Malaysia-Airlines-Jet musste umkehren

Geplatzter Reifen

Malaysia-Airlines-Jet musste umkehren

166 Passagiere wieder sicher in Kuala Lumpur gelandet

Eine Passagiermaschine von Malaysia Airlines hat wegen eines geplatzten Reifens eine Notlandung vollzogen. Die Boeing 737 mit 166 Menschen an Bord kehrte kurz nach dem Start Richtung Indien nach Kuala Lumpur zurück, wie die Fluggesellschaft am Montag mitteilte. Dort sei das Flugzeug sicher gelandet. Malaysia Airlines steht wegen des Verschwindens von Flug MH370 Anfang März unter Beschuss.

Nach Angaben von Malaysia Airlines platzte beim Start von Flug MH192 in der malaysischen Hauptstadt in Richtung der indischen Stadt Bangalore ein Reifen. Auf der Startbahn seien Reifenstücke gefunden worden, woraufhin beschlossen worden sei, umzukehren, hieß es. Fast vier Stunden nach dem Start sei das Flugzeug wieder sicher auf dem Flughafen von Kuala Lumpur gelandet. "Alle 159 Passagiere und sieben Besatzungsmitglieder sind aus dem Flugzeug ausgestiegen", hieß es.

Der malaysische Verkehrsminister Hishamuddin Hussein hatte schon zuvor im Kurzbotschaftendienst Twitter geschrieben: "Sie sind sicher gelandet - Gott sei Dank." Die Fluggesellschaft teilte mit, die Passagiere würden in Kuala Lumpur in Hotels untergebracht. Am Montagnachmittag werde der Flug nach Bangalore nachgeholt.

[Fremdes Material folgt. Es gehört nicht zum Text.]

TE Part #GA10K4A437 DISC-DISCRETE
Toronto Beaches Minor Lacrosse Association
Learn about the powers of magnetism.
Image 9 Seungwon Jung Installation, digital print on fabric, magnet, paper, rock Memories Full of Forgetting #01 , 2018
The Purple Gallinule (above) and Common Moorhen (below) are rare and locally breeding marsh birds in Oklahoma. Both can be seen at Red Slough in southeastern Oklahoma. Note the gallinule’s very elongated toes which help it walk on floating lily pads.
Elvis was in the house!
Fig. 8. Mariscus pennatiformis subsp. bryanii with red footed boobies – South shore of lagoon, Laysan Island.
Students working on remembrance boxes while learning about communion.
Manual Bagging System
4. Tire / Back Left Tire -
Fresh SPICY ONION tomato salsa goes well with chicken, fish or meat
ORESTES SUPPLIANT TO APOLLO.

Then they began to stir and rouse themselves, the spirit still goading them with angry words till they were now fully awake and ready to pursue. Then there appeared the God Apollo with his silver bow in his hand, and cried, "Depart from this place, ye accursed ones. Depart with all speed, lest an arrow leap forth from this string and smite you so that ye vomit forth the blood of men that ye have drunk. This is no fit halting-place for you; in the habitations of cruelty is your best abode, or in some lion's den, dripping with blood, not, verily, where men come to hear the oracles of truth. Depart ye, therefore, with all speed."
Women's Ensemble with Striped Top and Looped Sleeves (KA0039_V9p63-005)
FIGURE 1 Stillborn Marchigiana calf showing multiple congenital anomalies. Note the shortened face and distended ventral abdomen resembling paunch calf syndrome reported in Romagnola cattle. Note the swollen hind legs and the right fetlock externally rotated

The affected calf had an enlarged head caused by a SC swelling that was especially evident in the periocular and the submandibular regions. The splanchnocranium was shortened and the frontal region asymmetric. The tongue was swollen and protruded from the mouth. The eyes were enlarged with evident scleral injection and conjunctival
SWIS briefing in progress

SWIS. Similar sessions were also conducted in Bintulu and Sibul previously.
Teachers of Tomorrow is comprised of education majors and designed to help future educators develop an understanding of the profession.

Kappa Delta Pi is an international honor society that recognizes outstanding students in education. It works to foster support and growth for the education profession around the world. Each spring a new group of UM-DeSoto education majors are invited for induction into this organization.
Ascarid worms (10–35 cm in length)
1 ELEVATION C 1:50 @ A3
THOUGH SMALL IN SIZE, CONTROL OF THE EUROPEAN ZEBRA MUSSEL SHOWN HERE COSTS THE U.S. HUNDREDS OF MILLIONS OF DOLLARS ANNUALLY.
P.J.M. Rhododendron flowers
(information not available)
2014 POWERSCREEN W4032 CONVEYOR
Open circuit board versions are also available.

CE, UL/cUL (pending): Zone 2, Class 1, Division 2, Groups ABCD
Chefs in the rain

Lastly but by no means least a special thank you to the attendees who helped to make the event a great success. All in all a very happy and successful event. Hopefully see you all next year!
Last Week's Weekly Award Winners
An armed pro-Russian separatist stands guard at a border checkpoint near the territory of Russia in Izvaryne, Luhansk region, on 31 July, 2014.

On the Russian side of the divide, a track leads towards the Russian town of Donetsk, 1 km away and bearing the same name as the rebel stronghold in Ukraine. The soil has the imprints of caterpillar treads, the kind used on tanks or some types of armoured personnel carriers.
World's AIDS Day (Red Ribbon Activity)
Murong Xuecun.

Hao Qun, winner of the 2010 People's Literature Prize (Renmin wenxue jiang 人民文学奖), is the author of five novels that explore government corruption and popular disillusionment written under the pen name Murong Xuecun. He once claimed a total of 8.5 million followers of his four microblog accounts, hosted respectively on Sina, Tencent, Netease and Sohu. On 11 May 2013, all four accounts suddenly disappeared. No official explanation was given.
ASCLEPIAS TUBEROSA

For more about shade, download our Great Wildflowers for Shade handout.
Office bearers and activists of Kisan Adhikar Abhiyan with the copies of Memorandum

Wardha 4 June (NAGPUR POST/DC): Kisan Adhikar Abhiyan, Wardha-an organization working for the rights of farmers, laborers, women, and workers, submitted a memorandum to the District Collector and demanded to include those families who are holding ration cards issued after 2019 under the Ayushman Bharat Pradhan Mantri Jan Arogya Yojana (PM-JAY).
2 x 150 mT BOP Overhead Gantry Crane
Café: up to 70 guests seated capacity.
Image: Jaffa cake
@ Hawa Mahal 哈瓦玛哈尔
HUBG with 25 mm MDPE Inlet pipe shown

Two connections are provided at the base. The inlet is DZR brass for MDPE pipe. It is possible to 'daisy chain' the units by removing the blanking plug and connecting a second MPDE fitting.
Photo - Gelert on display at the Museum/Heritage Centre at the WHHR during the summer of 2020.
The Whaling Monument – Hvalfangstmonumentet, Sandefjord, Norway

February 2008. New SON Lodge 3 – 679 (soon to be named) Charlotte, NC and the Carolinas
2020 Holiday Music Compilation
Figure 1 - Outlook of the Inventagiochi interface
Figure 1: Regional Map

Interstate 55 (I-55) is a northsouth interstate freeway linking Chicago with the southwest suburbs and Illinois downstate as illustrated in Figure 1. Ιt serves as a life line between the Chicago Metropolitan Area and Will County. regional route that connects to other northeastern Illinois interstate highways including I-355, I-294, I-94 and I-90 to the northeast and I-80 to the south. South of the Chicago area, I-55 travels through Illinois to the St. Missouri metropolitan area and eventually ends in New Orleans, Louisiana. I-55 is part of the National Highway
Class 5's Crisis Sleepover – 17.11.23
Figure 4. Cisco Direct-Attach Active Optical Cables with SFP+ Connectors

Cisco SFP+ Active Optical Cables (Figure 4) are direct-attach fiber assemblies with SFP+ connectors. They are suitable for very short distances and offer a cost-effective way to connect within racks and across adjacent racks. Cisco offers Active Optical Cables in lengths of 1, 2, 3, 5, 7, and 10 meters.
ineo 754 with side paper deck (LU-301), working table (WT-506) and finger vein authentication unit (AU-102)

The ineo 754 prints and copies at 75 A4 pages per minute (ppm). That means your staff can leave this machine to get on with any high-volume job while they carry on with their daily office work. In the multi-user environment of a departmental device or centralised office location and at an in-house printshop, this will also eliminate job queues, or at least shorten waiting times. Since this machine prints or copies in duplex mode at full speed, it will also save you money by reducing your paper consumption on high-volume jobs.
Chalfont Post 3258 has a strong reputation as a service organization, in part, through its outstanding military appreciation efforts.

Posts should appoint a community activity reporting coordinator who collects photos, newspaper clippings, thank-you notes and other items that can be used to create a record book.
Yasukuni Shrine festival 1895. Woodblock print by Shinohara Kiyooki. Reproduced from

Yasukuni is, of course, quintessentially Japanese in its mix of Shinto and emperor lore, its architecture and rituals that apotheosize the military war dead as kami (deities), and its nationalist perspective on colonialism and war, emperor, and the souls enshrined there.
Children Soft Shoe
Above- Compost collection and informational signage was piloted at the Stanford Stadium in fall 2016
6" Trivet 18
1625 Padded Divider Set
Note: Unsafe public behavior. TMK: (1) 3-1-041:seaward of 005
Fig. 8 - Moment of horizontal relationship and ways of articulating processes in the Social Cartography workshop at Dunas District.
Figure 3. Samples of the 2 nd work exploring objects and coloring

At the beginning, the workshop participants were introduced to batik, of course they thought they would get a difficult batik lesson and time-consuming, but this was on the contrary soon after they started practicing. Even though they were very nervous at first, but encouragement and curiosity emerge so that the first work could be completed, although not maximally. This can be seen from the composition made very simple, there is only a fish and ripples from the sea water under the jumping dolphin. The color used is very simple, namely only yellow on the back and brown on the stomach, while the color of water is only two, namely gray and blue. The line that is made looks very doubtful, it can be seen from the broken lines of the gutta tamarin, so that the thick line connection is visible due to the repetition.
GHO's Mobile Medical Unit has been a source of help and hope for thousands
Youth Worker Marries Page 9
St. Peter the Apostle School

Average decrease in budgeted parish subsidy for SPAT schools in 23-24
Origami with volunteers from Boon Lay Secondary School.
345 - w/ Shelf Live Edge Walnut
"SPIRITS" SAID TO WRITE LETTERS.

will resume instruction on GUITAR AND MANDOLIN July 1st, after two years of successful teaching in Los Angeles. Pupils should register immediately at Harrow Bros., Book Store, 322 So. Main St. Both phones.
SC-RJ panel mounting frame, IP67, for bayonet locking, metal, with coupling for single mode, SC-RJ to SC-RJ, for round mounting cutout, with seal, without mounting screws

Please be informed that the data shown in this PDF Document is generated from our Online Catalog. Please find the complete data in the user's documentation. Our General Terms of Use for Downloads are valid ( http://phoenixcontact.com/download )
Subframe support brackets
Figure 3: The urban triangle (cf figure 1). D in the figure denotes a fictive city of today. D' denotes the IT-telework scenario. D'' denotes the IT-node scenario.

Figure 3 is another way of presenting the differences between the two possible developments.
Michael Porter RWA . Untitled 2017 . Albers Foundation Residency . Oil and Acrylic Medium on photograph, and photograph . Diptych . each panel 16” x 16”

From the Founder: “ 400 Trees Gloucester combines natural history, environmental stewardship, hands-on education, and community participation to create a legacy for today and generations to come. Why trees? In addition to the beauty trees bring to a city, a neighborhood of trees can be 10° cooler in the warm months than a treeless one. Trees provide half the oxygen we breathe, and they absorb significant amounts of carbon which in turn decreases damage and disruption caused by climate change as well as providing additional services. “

Malaysia Airlines hatte bei der Sicherheit stets einen guten Ruf, bis ihr Flug MH370 am 8. März auf dem Weg nach China aus bisher ungeklärten Gründen von den Radarschirmen verschwand. Noch immer fehlt von dem Flugzeug, das 239 Menschen an Bord hatte, jede Spur. Seit Wochen suchen Experten mit Spezialausrüstung im südlichen Indischen Ozean nach dem dort vermuteten Wrack.

An Bord der Unglücksmaschine waren vor allem Chinesen. Deren Angehörige haben der malaysischen Regierung und der Fluggesellschaft ein schleppendes Vorgehen bei der Aufklärung des Vorfalls und Vertuschung vorgeworfen.